By Johnson, C., Devred, E., Casault, B., Head, E., and Spry, J.

Abstract

The condition of nutrients and plankton on the Scotian Shelf and in the Gulf of Maine were assessed in the context of continued warmer-than-normal surface and near bottom ocean temperatures in 2016, a pattern that started in 2008, and continued higher-than-normal stratification in summer and fall. Overall in 2016, deep nutrient inventories were lower than normal. While deep nitrate anomalies have been mixed in sign in recent years, inventories of deep silicate and phosphate have been mainly negative since 2013. Spring phytoplankton bloom initiation was early and bloom duration short in the east, and bloom magnitude was small and duration short in the central and western Scotian Shelf. The early spring bloom initiation timing in 2016 contrasts with the mainly later initiation timing observed on the Scotian Shelf in recent years. Observations in 2016 provide additional evidence for a persistent plankton community change in recent years.  The abundance of large phytoplankton, including diatoms, continued to be lower than normal. Zooplankton biomass and Calanus finmarchicus abundance also continued to be lower than normal, while non-copepod abundance was high. The abundance of arctic Calanus, an indicator of cold water on the Scotian Shelf, continued to be lower than normal. Higher than averageabundances of Oithona atlantica andwarm offshore species suggest greater influence of offshore waters in recent years, especially on the western Scotian Shelf. Changes in phytoplankton and zooplankton communities observed in recent years suggest changes in prey fields for planktivorous fish, birds, and mammals and could be associated with changes in the fate of primary production in the ecosystem.

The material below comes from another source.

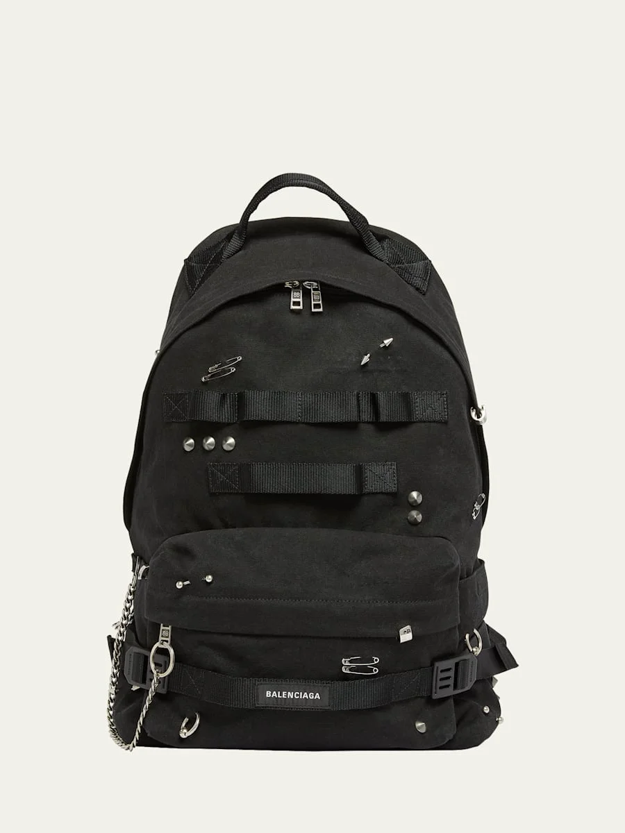 Balenciaga backpack in washed canvas accented with silvertone chain and piercing hardware Logo patch on front One top handle Adjustable shoulder straps Adjustable chest strap Two-way zip closure Exterior, one front zip pocket Interior, one flat pocket Nylon lining BB engraved zip pulls Approx. 20.4"H x 13.7"W x 8.2"D Made in Italy Online Inquiries: BGS21_NDMPH| Store Inquiries: #5049824
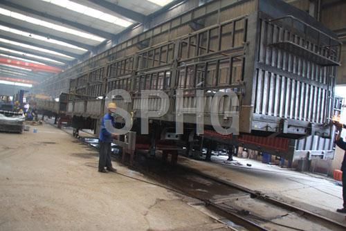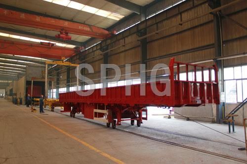 半掛車生產(chǎn)線采用滾輪生產(chǎn)方式,生產(chǎn)過程中減少了行車的使用頻率,降低產(chǎn)品的生產(chǎn)時(shí)間,提高了工作效率,增加安全系數(shù)。對(duì)半掛車的工藝布局進(jìn)行合理的規(guī)劃,結(jié)合用戶的實(shí)際需求設(shè)計(jì)制造工裝、夾具及專用焊接設(shè)備。

Continuous Plankton Recorder (CPR) data become available one year later than data collected by the Atlantic Zone Monitoring Program. In 2015, there was sampling in only 7 months between April and November on the Western Scotian Shelf (WSS) and in only 5 months between June and November on the Eastern Scotian Shelf (ESS). Due to the poor temporal coverage, annual average abundances and abundance anomalies could not be calculated for 2015.  Sampling on the WSS in April-May indicated (i) near normal levels for three phytoplankton groups and the dominant zooplankton taxa Calanus I-IV and C. finmarchicus V-VI, (ii) unusually low levels for two Arctic Calanus species and hyperiid amphipods, and (iii) low or near normal levels for seven other taxa. Sampling over the entire Scotian Shelf between June and November indicated (i) near normal levels for the three phytoplankton groups, (ii) lower than (June-September) or close to (October-November) normal abundances for Calanus I-IV, C. finmarchicus V-VI and most other taxa, but higher than normal abundances for coccolithophores and foraminifera on the ESS from September to November.